Für Christen ist das nicht neu. Auch die Bibel spricht davon, dass beim Menschen Leib und Seele zusammen gehören, das eine lässt sich nicht vom anderen trennen. Und das ist nach der Bibel die Einheit von Geist, Seele und Leib. Wer fragt „Wer bin ich?“, findet in der Bibel diese Antwort. Was den Menschen ausmacht, ist das Ganze und nicht nur ein einzelner Teil von ihm.

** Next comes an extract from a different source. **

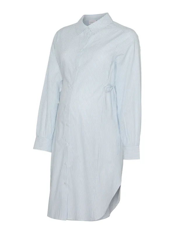 Specificaties: MAMALICIOUS Blousejurk ‘MLLETICIA LIA’ hemelsblauw / wit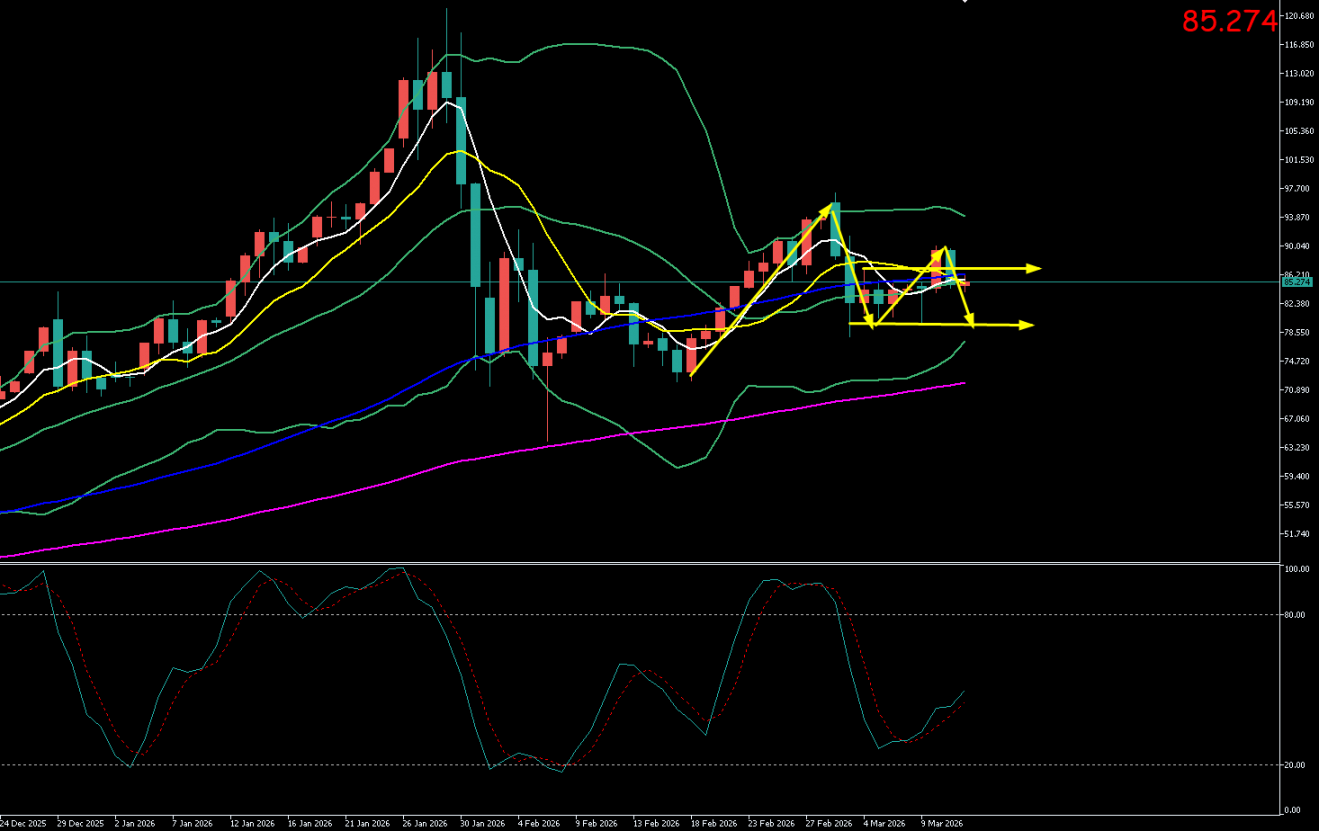 4小时图呈现清晰的“破位下行”形态。价格在跌破87美元后加速下行,均线系统开始拐头向下,MACD指标在零轴下方形成死叉,绿色动能柱持续放量,显示短线空头动能正逐步积聚。亚盘时段的弱势反弹受制于85.60美元一线,量能配合不足,属典型的技术性反抽。布林带开口有收窄迹象,显示市场多空双方力量相对均衡,短期可能继续维持震荡走势。日内需重点关注银价能否守住84.00美元短期支撑,若失守,则可能进一步向82.50-83.00美元寻求支撑。

Das heißt: Selbst wenn ich in meinem Körper eine fremde Niere habe oder ein neues Herz, bleibe ich ganz und gar ich und damit auch Ebenbild Gottes. Die Operation bedeutet keinen Mangel an mir, wie es vielleicht bei einem reparierten Auto der Fall wäre. Und es gibt auch keine herumschwebende Seele, die den anderen Körper verlassen hat und nun in meinen einzieht. Sondern mit der Einheit von Körper, Seele und Geist, wie es die Bibel beschreibt, bleibt meine Identität hundert Prozent gewahrt. Das, was mich ausmacht, meine Besonderheit, und das ist schließlich das, was mich auch liebenswert macht vor Gott und den Menschen.